Type System

Overview

rill is dynamically typed and type-safe. Types are checked at runtime, but type errors are always caught—there are no implicit conversions or coercions.

TypeSyntaxExample
String"text""hello"
Number123, 0.542, 0.9
Booltrue, falsetrue
List[a, b]["file.ts", 42]
Dict[k: v][output: "text", code: 0]
Tuple*[...]*[1, 2], *[x: 1, y: 2]
Vectorhost-providedvector(voyage-3, 1024d)
Closure||{ }|x|($x * 2)

Key principles:

  • Type-safe: No implicit coercion—"5" + 1 errors, not "51" or 6
  • Type-locked variables: A variable that holds a string always holds a string
  • Value-based: All copies are deep, all comparisons by value
  • No null/undefined: Empty values are valid ("", [], [:]), but “no value” cannot exist
  • No truthiness: Conditions require actual booleans, not “truthy” values

Strings

Double-quoted text with variable interpolation using {$var}:

"hello world"
"Process {$filename} for review"
"Result: {$response}"

Escape sequences: \n, \t, \\, \", {{ (literal {), }} (literal })

Interpolation

Any valid expression works inside {...}:

"alice" => $name
3 => $a
5 => $b
true => $ok
"Hello, {$name}!"                    # Variable
"sum: {$a + $b}"                     # Arithmetic
"valid: {$a > 0}"                    # Comparison
"status: {$ok ? \"yes\" ! \"no\"}"   # Conditional
"upper: {$name -> .upper}"           # Method chain

Multiline Strings

Multiline strings use triple-quote syntax:

"World" => $name
"""
Hello, {$name}!
Line two
"""

Triple-quote strings support interpolation like regular strings.

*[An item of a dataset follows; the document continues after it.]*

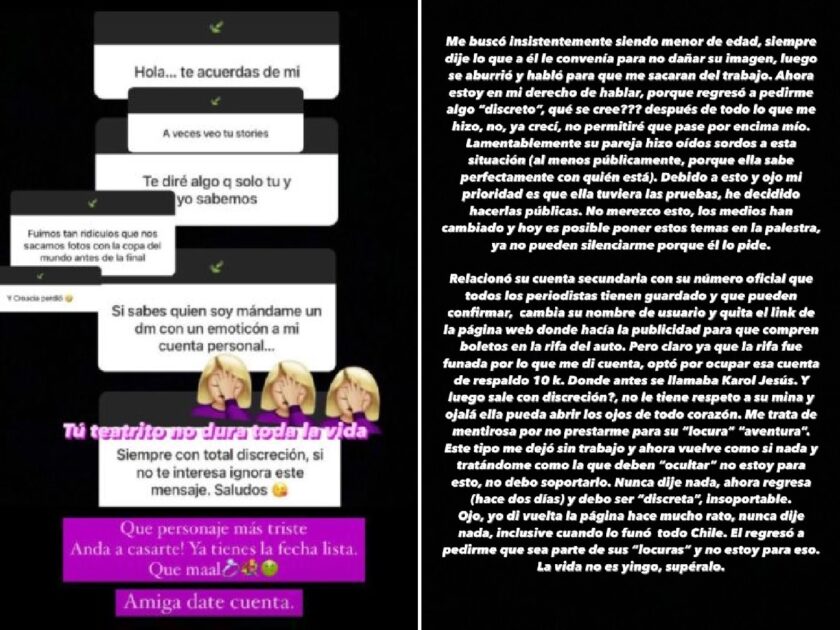 “No le tiene respeto a su mina y ojalá ella pueda abrir los ojos de todo corazón. Me trata de mentirosa por no prestarme para su ‘locura’, su ‘aventura’. Me dejó sin trabajo y ahora vuelve como si nada”, escribió la ex Miss Chile, quien cerró su descargo con “la vida no es Yingo, supéralo”.

See Strings for string methods.


Numbers

Used for arithmetic, exit codes, and loop limits:

42
0
3.14159
-7

Arithmetic operators: +, -, *, /, % (modulo)

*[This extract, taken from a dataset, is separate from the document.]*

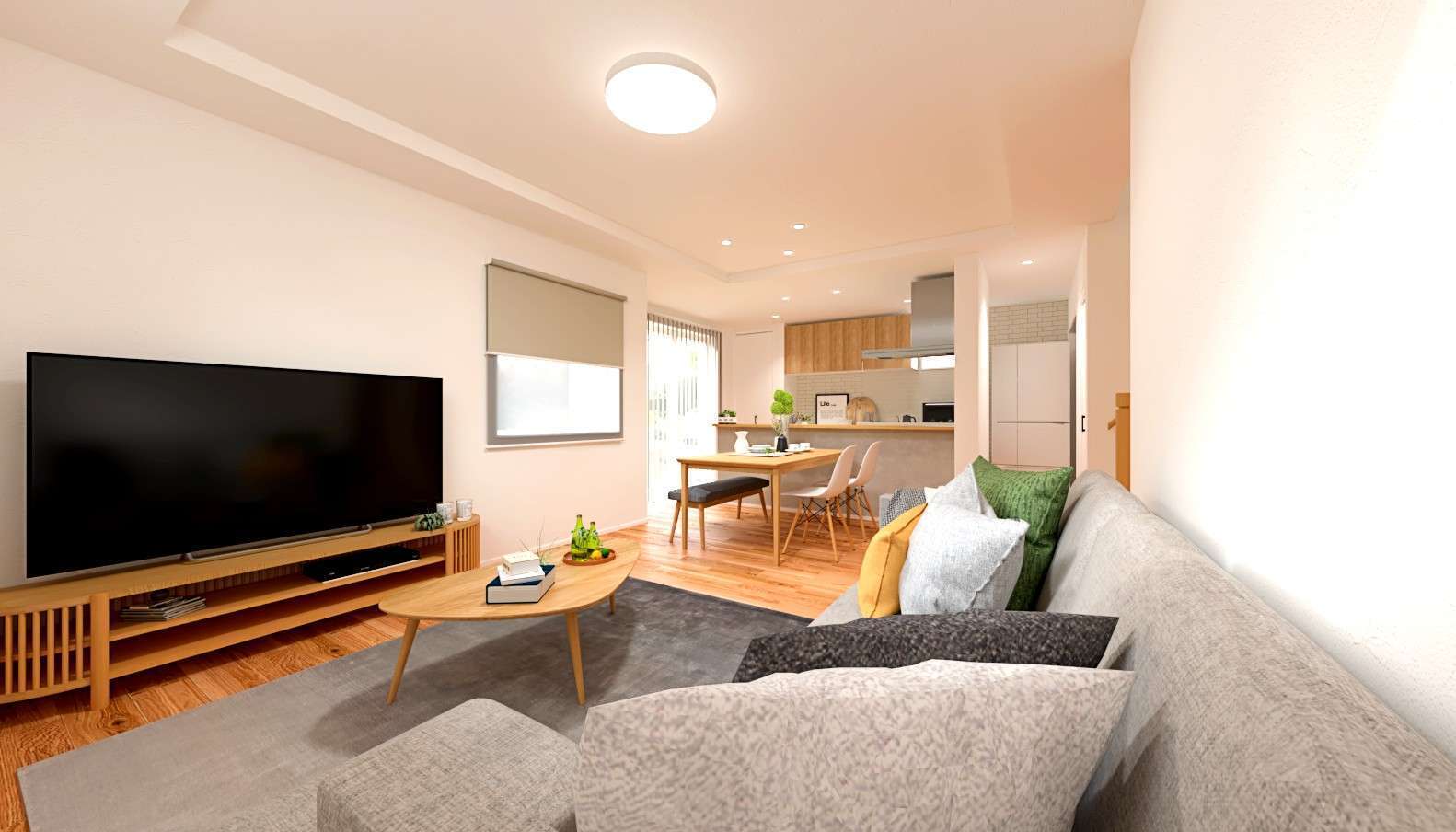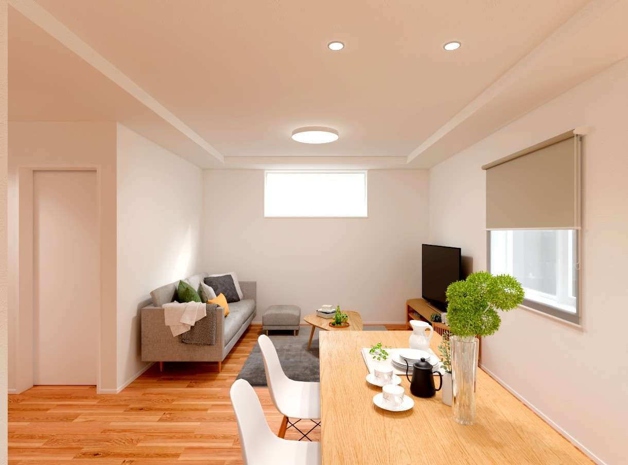 ダイニングとリビングは、自然と会話が弾むちょうどよい距離感。2か所の窓からたっぷりと差し込むやわらかな日差しが、明るく心地よいリビングをつくっています。

Type constraint: All arithmetic operands must be numbers. No implicit conversion:

5 + 3                      # 8
# Error: Arithmetic requires number, got string
"5" + 1

Booleans

Literal true and false. Conditional expressions (?), loop conditions (@), and filter predicates require boolean values. Non-boolean values cause runtime errors.

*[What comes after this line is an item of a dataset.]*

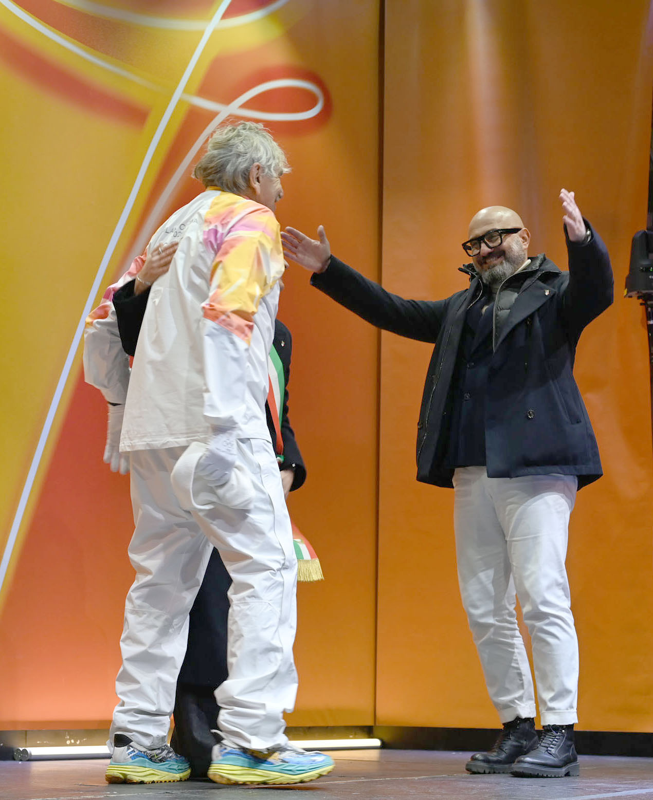 Spazio anche alle eccellenze sportive delle società cittadine, dall'atletica Arcs Cus Perugia al judo Filmkam, dal karate al jujitsu, fino alla lotta, con un riconoscimento corale all'impegno e ai risultati degli atleti perugini. All'arrivo della fiamma portata da Boranga che ha dichiarato che Perugia ha fatto la storia, il saluto alla piazza anche dal Sottosegretario Emanuele Prisco, il Prefetto, Francesco Zito e il Questore di Perugia, Dario Sallustio.

true ? "yes" ! "no"        # "yes"
false ? "yes" ! "no"       # "no"

No truthiness: rill has no automatic boolean coercion. Empty strings, zero, and empty lists are not “falsy”—you must explicitly check:

"" -> .empty ? "empty" ! "has content"     # Use .empty method
0 -> ($ == 0) ? "zero" ! "nonzero"         # Use comparison

Type-Safe Negation

The negation operator (!) requires a boolean operand. There is no truthiness coercion:

!true                      # false
!false                     # true
"hello" -> .empty -> (!$)  # true (negates boolean from .empty)
!"hello"                   # ERROR: Negation requires boolean, got string
!0                         # ERROR: Negation requires boolean, got number

Use explicit boolean checks when needed:

"" -> .empty -> (!$) ? "has content" ! "empty"    # Negate boolean result
[1,2,3] -> .empty -> (!$) ? "has items" ! "none"  # Check non-empty

Lists

Ordered sequences of values:

[1, 2, 3] => $nums
$nums[0]                   # 1
$nums[-1]                  # 3 (last element)
$nums -> .len              # 3

List Spread

Inline elements from another list using ... spread syntax:

[1, 2] => $a
[...$a, 3]                 # [1, 2, 3]
[...$a, ...$a]             # [1, 2, 1, 2] (concatenation)
[...[], 1]                 # [1] (empty spread contributes nothing)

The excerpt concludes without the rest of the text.